» Task description
From the listing below, give again exactly the lines from the line with "按11月25日95號(hào" to the line with "мастер и его", ends included, without any pictures.

» Extracted material
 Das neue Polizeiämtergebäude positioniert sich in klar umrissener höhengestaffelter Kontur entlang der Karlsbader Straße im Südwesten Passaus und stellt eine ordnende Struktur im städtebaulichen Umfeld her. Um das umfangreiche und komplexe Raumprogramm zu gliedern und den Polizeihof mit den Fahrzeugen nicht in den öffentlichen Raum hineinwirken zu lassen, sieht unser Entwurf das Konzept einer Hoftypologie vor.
...
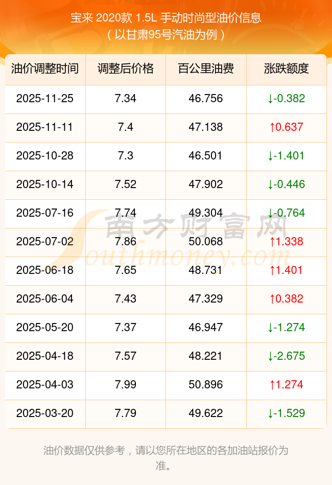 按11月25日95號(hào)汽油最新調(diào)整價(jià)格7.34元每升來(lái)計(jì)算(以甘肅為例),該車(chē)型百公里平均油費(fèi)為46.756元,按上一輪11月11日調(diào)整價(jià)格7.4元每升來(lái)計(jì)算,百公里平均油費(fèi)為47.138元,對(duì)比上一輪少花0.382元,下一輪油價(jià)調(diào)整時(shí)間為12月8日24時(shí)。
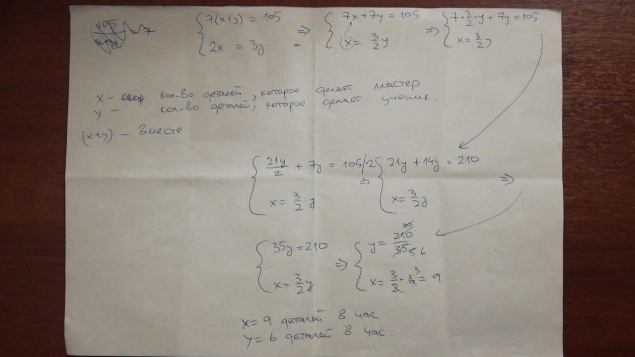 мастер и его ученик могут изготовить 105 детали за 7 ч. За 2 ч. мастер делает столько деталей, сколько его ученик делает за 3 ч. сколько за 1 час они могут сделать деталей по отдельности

» Output
 按11月25日95號(hào)汽油最新調(diào)整價(jià)格7.34元每升來(lái)計(jì)算(以甘肅為例),該車(chē)型百公里平均油費(fèi)為46.756元,按上一輪11月11日調(diào)整價(jià)格7.4元每升來(lái)計(jì)算,百公里平均油費(fèi)為47.138元,對(duì)比上一輪少花0.382元,下一輪油價(jià)調(diào)整時(shí)間為12月8日24時(shí)。
 мастер и его ученик могут изготовить 105 детали за 7 ч. За 2 ч. мастер делает столько деталей, сколько его ученик делает за 3 ч. сколько за 1 час они могут сделать деталей по отдельности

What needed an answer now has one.